Tuesday 5 April 2011

Building's shaky foundations

Fancy a business environment where the client keeps on coming back and asking you to ‘re-price’ your quote but never goes ahead with anything?
Or one where firms know they’ll lose money on the contract they are about to sign?
An environment, indeed, where any variation in the final settlement usually means endless arguments or bringing in the lawyers?
Welcome to the world of construction, 2011-style.
I was chatting yesterday to Robert Moyle[pictured], the chairman and chief executive of North Midland Construction, the biggest home-grown construction and civil engineering outfit in Nottinghamshire.
Moyle is a thorough-going gent who rises above mud-slinging. On a more pragmatic level, he has been running his business long enough to have seen robust commercial behaviour many times before, and the nature of North Midland’s business means it is insulated from the worst of it.
But he was concerned, nevertheless, about a commercial environment in building and construction which is having a corrosive impact on the contracting chain. And the lower down you go, the worse it gets. In building, small and medium-sized contractors have been suffering a hand-to-mouth existence.
The re-pricing issue is a problem which has been seen among those who tender for public sector contracts. The contract spec is issued, the tenders come in and then comes a request for a new tender to a different spec. Sometimes it’ll happen again. And again. In a climate of financial uncertainty, the work never goes ahead.
Private-sector building, though, has turned into a dog-eat-dog environment, one where business is so scarce that desperate firms are scrapping for contracts to the point where their tenders suggest cash flow is good news, profit is Christmas.
This is what Moyle told me yesterday: “Some of the prices I’ve seen quoted are absolutely crazy. The policy people are adopting is ‘screw the supply chain’ and the sub-contractors are suffering in a major way.”
This can manifest itself in a number of ways, most of which will come as no surprise to seasoned observers of the trade: paying late, paying less, or not paying at all. And this among businesses who can’t afford lawyers. You don’t need to be a business recovery expert to imagine the consequences.
Moyle and NMC are doing their bit. What has, historically, been a fairly paternalistic company has a high proportion of people who are directly employed. “We’ve got a good supply chain and we do what we can to keep our partners going – better payment terms, whatever it takes.”
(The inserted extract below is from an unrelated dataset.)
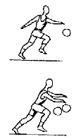 6. Низкие старты на дистанцию 5-10 м. Выполняются так же, как в упр. 5, но с ведением мяча.

But he may well be a lone voice, and the worry is what this is doing to an industry which is now in its fourth straight year of extremely difficult trading conditions. It hit the skids first when the housing market fell over in the immediate aftermath of the credit crunch, had to cope with a recession which took the shine off most areas of the market, and has now seen large-scale public sector work dry up.
There are no easy answers to what is, at heart, a consequence of an economy still trying to find its feet after a catastrophic financial collapse. Businesses are tentative and prefer to manage growth within existing or temporary resources, banks are reluctant to lend against anything remotely risky and they still have a boat-load of debt related to the property collapse.
For Moyle’s NMC, there are plenty of profitable markets. It doesn’t just build – it is a civil engineer, a mechanical and electrical engineer and it is locked into a series of large-scale framework contracts involving utilities, telecoms and power engineering – all sectors with strong, long-term prospects driven by the need to invest in the UK’s infrastructure.
But his business is sizeable, and the exception rather than the rule. Outside the world of domestic home improvements, the lower reaches of building are a fraught place to be right now.
The signs are that its prospects will improve decisively only when the economy locks firmly on to growth.